What you have to do:
From the data below, return only the lines from the one with "Doral Prestancia 280SE" through the one with "官服史话3,1300万,一车", exact and inclusive, with pictures left out.

Listed records:
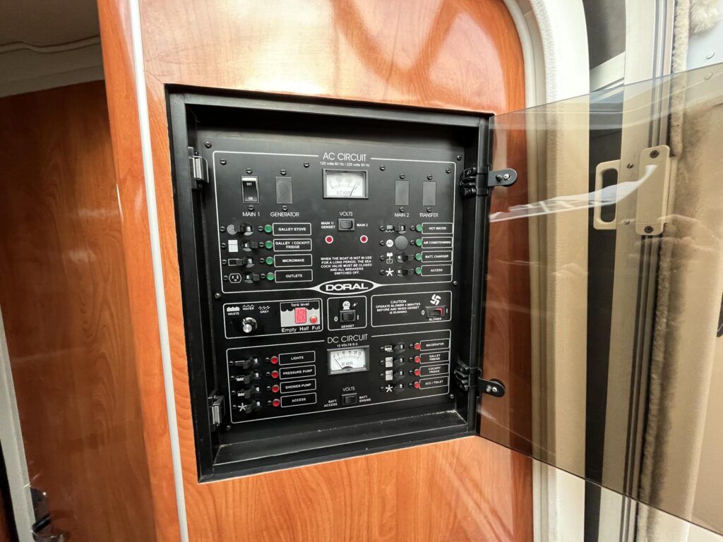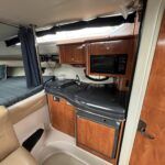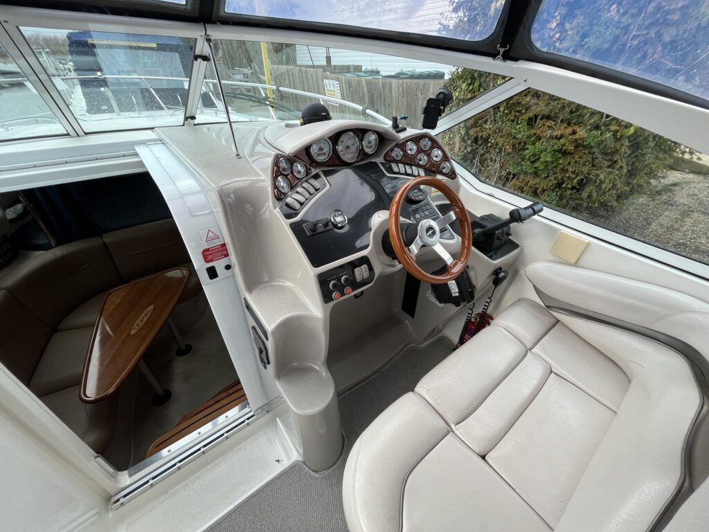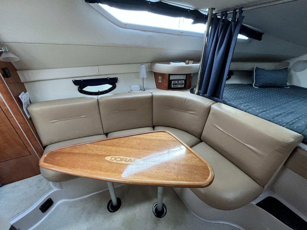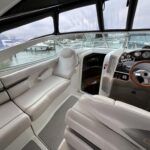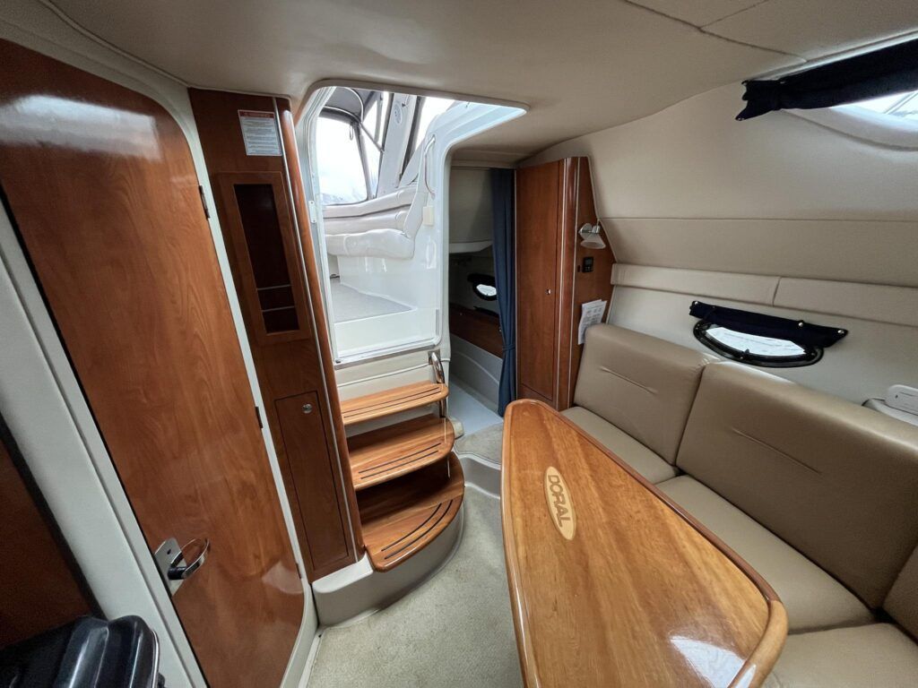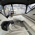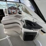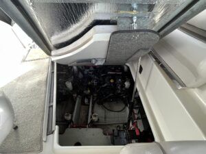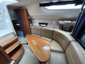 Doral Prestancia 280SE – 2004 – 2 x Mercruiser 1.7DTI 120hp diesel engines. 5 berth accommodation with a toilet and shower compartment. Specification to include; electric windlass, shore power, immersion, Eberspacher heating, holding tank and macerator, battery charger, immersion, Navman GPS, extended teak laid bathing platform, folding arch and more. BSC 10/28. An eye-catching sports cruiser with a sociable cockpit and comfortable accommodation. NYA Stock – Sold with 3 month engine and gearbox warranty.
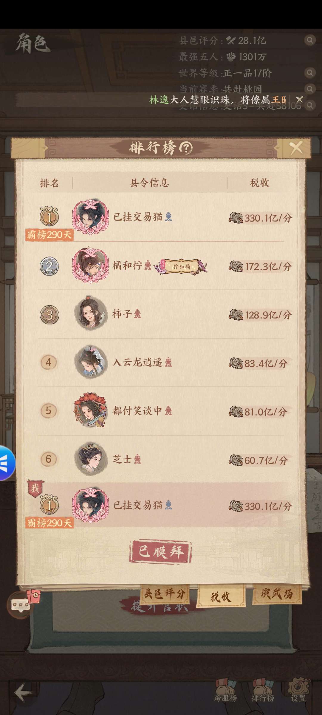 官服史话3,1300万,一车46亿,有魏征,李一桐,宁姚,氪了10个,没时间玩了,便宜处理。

---

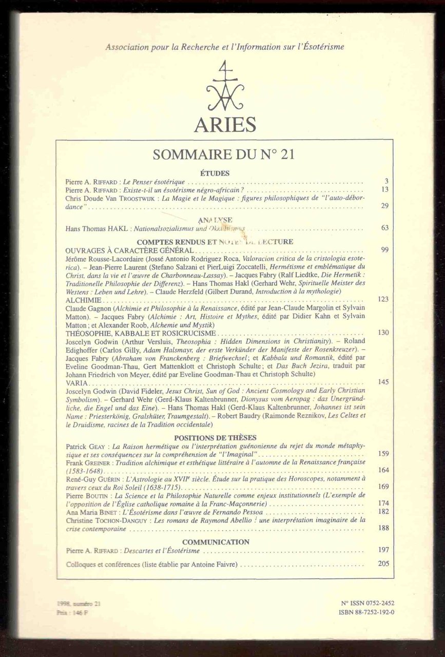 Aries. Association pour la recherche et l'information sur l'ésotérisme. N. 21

* * *

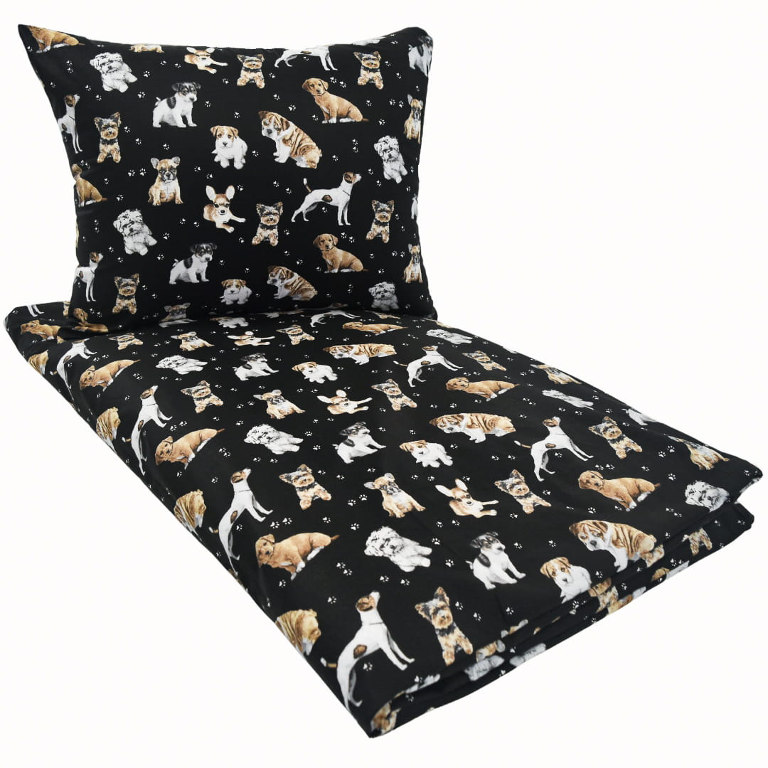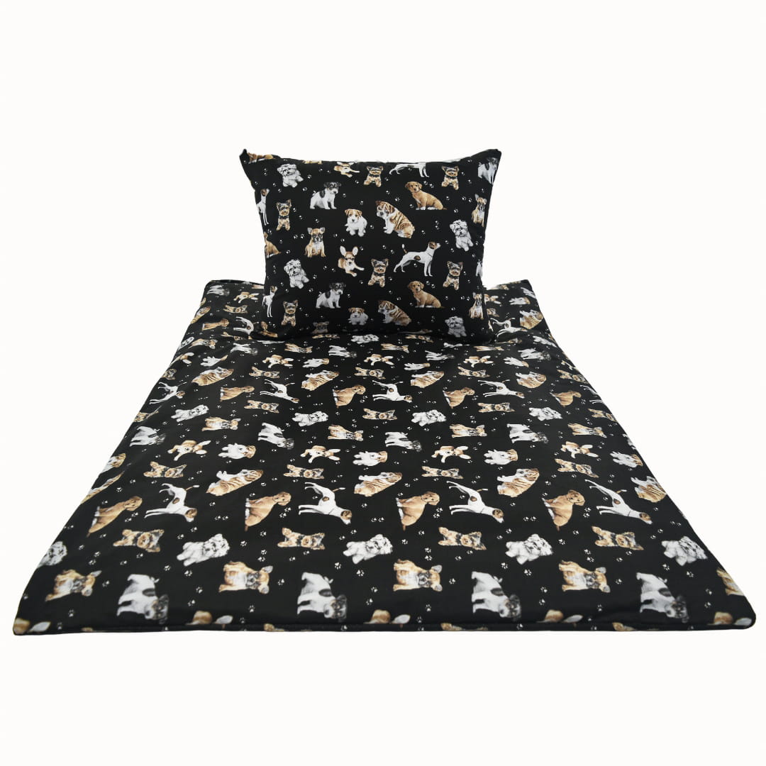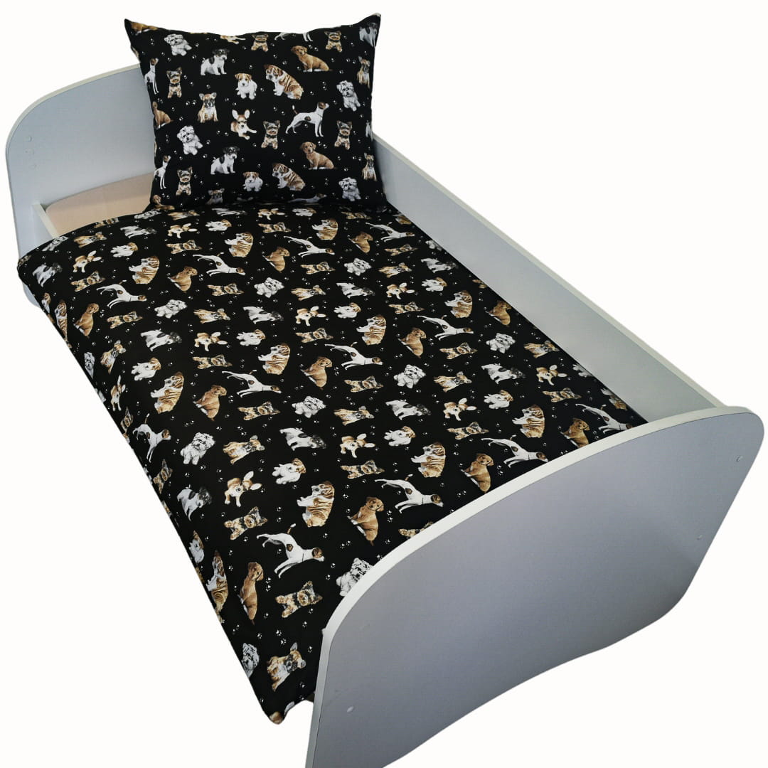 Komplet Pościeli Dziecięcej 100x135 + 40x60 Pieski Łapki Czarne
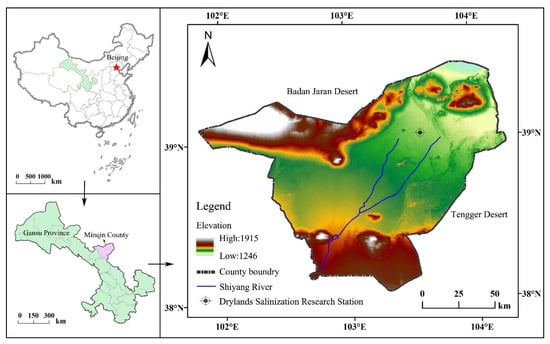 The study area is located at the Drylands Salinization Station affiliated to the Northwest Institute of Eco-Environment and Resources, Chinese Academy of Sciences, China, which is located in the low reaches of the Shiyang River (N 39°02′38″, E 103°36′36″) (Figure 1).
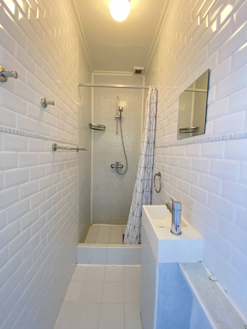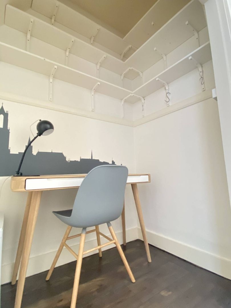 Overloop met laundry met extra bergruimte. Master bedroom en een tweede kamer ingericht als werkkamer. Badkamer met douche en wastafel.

Solution for this problem:
 Doral Prestancia 280SE – 2004 – 2 x Mercruiser 1.7DTI 120hp diesel engines. 5 berth accommodation with a toilet and shower compartment. Specification to include; electric windlass, shore power, immersion, Eberspacher heating, holding tank and macerator, battery charger, immersion, Navman GPS, extended teak laid bathing platform, folding arch and more. BSC 10/28. An eye-catching sports cruiser with a sociable cockpit and comfortable accommodation. NYA Stock – Sold with 3 month engine and gearbox warranty.
 官服史话3,1300万,一车46亿,有魏征,李一桐,宁姚,氪了10个,没时间玩了,便宜处理。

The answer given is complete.